(What the task requires): Transcribe the whole listing below. Pictures do not go in the copy.

(Raw data):
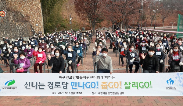 가정종합사회복지관 부설 북구경로당활동지원센터(소장 박보리)에서는 북구경로당활동지원센터와 함께하는 신나는 경로당 ‘만나GO!, 줍GO!, 살리GO!’플로깅 사업을 12월 6일(월) 산격동 지역 경로당 회원 90여 명이 참여한 가운데 연암공원 일대에서 진행했다.
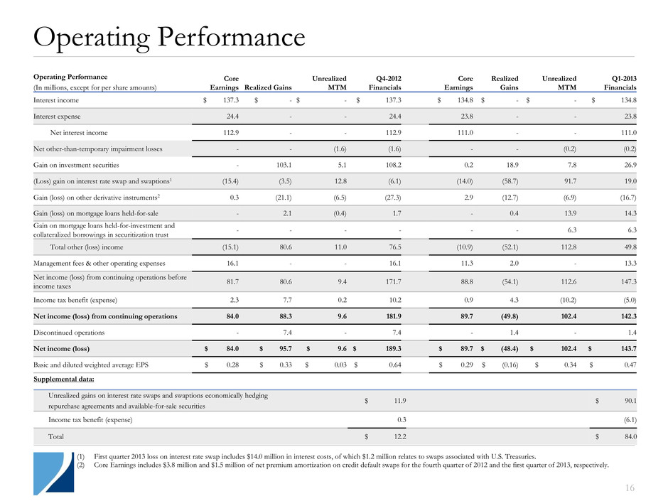 15 110 Operating Performance 110 110 $195.7 $141.6 $524.4 $185.4 $248.0 44.5% 26.6% 70.2% 21.6% 26.9% 0.0% 50.0% 100.0% $0.0 $200.0 $400.0 $600.0 Q1-2012 Q2-2012 Q3-2012 Q4-2012 Q1-2013 Comprehensive Income ($M) Comprehensive Income ROAE (%) (1) Diluted shares outstanding at end of period, which includes the effect of dilutive outstanding warrants determined using the treasury stock method, are used as the denominator for book value per share calculation. If basic shares outstanding were used as the denominator in the calculation, book value per share would have been $11.23 at March 31, 2013. (2) Includes cash dividend of $0.32 per share and Silver Bay common stock distribution amounting to $1.01 per share. See page 3 for calculation of the Silver Bay common stock dividend. (3) Historical dividends may not be indicative of future dividend distributions. The company ultimately distributes dividends based on its taxable income per common share, not GAAP earnings. The annualized dividend yield on the company’s common stock is calculated based on the closing price of the last trading day of the quarter. (4) Dividend yield based on cash dividend of $0.32 only. Does not include Silver Bay common stock distribution, which amounted to $1.01 per share. Book Value and Dividend per Share1 GAAP Net Income Comprehensive Income Dividends3 $51.8 $24.0 $26.8 $189.3 $143.7 $0.28 $0.11 $0.10 $0.64 $0.47 $0.00 $0.20 $0.40 $0.60 $- $50.0 $100.0 $150.0 $200.0 Q1-2012 Q2-2012 Q3-2012 Q4-2012 Q1-2013 GAAP Net Income ($M) GAAP EPS ($) $0.40 $0.40 $0.36 $0.55 $0.32 15.8% 15.4% 12.3% 19.9% 10.2%4 0.0% 5.0% 10.0% 15.0% 20.0% 25.0% $- $0.10 $0.20 $0.30 $0.40 $0.50 $0.60 Q1-2012 Q2-2012 Q3-2012 Q4-2012 Q1-2013 Dividend per Share ($) Dividend Yield (%) $9.67 $9.94 $11.44 $11.54 $11.19 $0.40 $0.40 $0.36 $0.55 $1.332 $8.00 $10.00 $12.00 Q1-2012 Q2-2012 Q3-2012 Q4-2012 Q1-2013 Book Value ($) Dividend Declared ($)
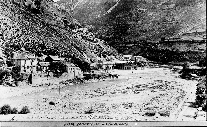 | Contenido: Fotografía tomada antes de la construcción de la central, pero cuando ya se habían levantado algunos edificios auxiliares y de alojamiento. En primer plano, las dos casas que hasta la fecha constituían la aldea de Lafortunada (casa Cuadrado y casa Tomás); al fondo, edificios de la Sociedad. \r\n |

(Expected answer):
 가정종합사회복지관 부설 북구경로당활동지원센터(소장 박보리)에서는 북구경로당활동지원센터와 함께하는 신나는 경로당 ‘만나GO!, 줍GO!, 살리GO!’플로깅 사업을 12월 6일(월) 산격동 지역 경로당 회원 90여 명이 참여한 가운데 연암공원 일대에서 진행했다.
 15 110 Operating Performance 110 110 $195.7 $141.6 $524.4 $185.4 $248.0 44.5% 26.6% 70.2% 21.6% 26.9% 0.0% 50.0% 100.0% $0.0 $200.0 $400.0 $600.0 Q1-2012 Q2-2012 Q3-2012 Q4-2012 Q1-2013 Comprehensive Income ($M) Comprehensive Income ROAE (%) (1) Diluted shares outstanding at end of period, which includes the effect of dilutive outstanding warrants determined using the treasury stock method, are used as the denominator for book value per share calculation. If basic shares outstanding were used as the denominator in the calculation, book value per share would have been $11.23 at March 31, 2013. (2) Includes cash dividend of $0.32 per share and Silver Bay common stock distribution amounting to $1.01 per share. See page 3 for calculation of the Silver Bay common stock dividend. (3) Historical dividends may not be indicative of future dividend distributions. The company ultimately distributes dividends based on its taxable income per common share, not GAAP earnings. The annualized dividend yield on the company’s common stock is calculated based on the closing price of the last trading day of the quarter. (4) Dividend yield based on cash dividend of $0.32 only. Does not include Silver Bay common stock distribution, which amounted to $1.01 per share. Book Value and Dividend per Share1 GAAP Net Income Comprehensive Income Dividends3 $51.8 $24.0 $26.8 $189.3 $143.7 $0.28 $0.11 $0.10 $0.64 $0.47 $0.00 $0.20 $0.40 $0.60 $- $50.0 $100.0 $150.0 $200.0 Q1-2012 Q2-2012 Q3-2012 Q4-2012 Q1-2013 GAAP Net Income ($M) GAAP EPS ($) $0.40 $0.40 $0.36 $0.55 $0.32 15.8% 15.4% 12.3% 19.9% 10.2%4 0.0% 5.0% 10.0% 15.0% 20.0% 25.0% $- $0.10 $0.20 $0.30 $0.40 $0.50 $0.60 Q1-2012 Q2-2012 Q3-2012 Q4-2012 Q1-2013 Dividend per Share ($) Dividend Yield (%) $9.67 $9.94 $11.44 $11.54 $11.19 $0.40 $0.40 $0.36 $0.55 $1.332 $8.00 $10.00 $12.00 Q1-2012 Q2-2012 Q3-2012 Q4-2012 Q1-2013 Book Value ($) Dividend Declared ($)
 | Contenido: Fotografía tomada antes de la construcción de la central, pero cuando ya se habían levantado algunos edificios auxiliares y de alojamiento. En primer plano, las dos casas que hasta la fecha constituían la aldea de Lafortunada (casa Cuadrado y casa Tomás); al fondo, edificios de la Sociedad. \r\n |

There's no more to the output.